# Exponents and O notation

Prove that if $a$ or $b$ are positive real numbers and $a<b$, then $n^a \in O(n^b)$, but $n^b \notin O(n^a)$.

Could I just take $a=1$ and $b=2$ (as an example) and prove it from there? Or do I need to provide a formal proof?

Any tips would be appreciated!

• Well... no, of course not.

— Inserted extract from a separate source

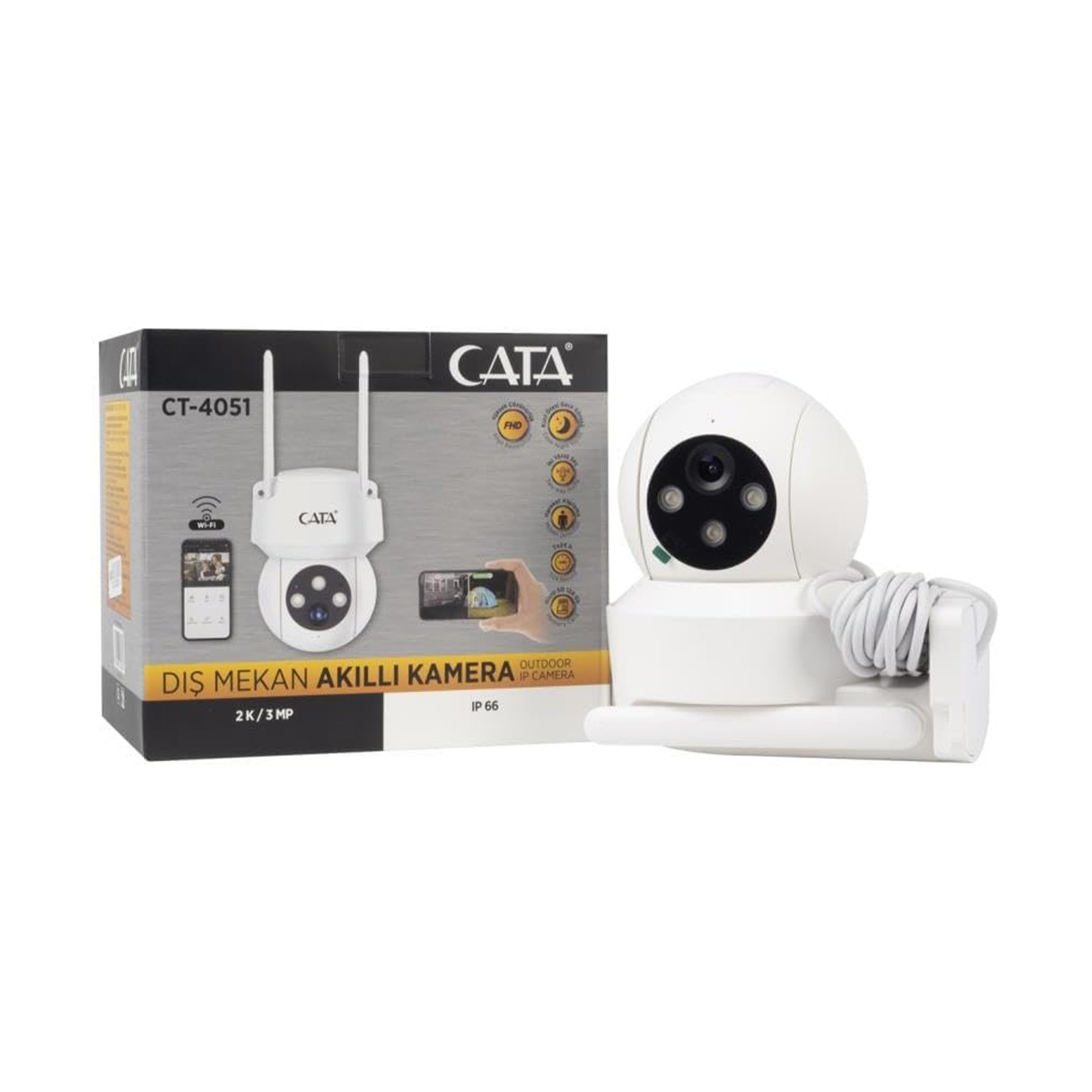 Cata CT-4051 Akıllı Dış Mekan Kamera, ev, işyeri, otopark ve bahçe güvenliğini maksimum seviyeye taşıyan 360° dönebilen, Full HD çözünürlüklü bir güvenlik kamerasıdır.

If $a$ and $b$ are positive real numbers, then you can't just assume that $a = 1$ and $b = 2$. – user296602 Jan 29 '18 at 18:47
• how would u suggest to go about this then? – nickoba Jan 29 '18 at 18:58
• Your only option is to turn to the definition of Big O and show that $a < b \implies n^a \in O(n^b)$ and $a < b \implies n^b \notin O(n^a)$. – Antonio Vargas Jan 29 '18 at 19:07
• @AntonioVargas: "Your only option": don't be so pessimistic. – Yves Daoust Jan 29 '18 at 19:11
• @YvesDaoust how would you prove the last two statements in your answer if not through the definition? – Antonio Vargas Jan 29 '18 at 19:21

Yes you can, provided your proof generalizes to arbitrary exponents.

Note that you can expresss the problem in a simpler way by the change of variable $m=n^a$, and using $r:=b/a$. The statement becomes

$$m\in O(m^r),r>1.$$

Similarly, you can rewrite the second part as

$$m\notin O(m^r),r<1.$$

These are equivalent to

$$1\in O(m^\epsilon),\\1\notin O(m^{-\epsilon})$$ for $\epsilon>0$.

• how would i generalize this in terms of the definition of O notation? – nickoba Jan 29 '18 at 23:27
• @nicoba: You have to provide the proof for $1,2$ first. – Yves Daoust Jan 30 '18 at 7:12

From $a \lt b$ it follows that $\lim_{n\to\infty} |\frac{n^a}{n^b}| = 0 \lt \infty$, so $n^a \in o(n^b) \in O(n^b)$.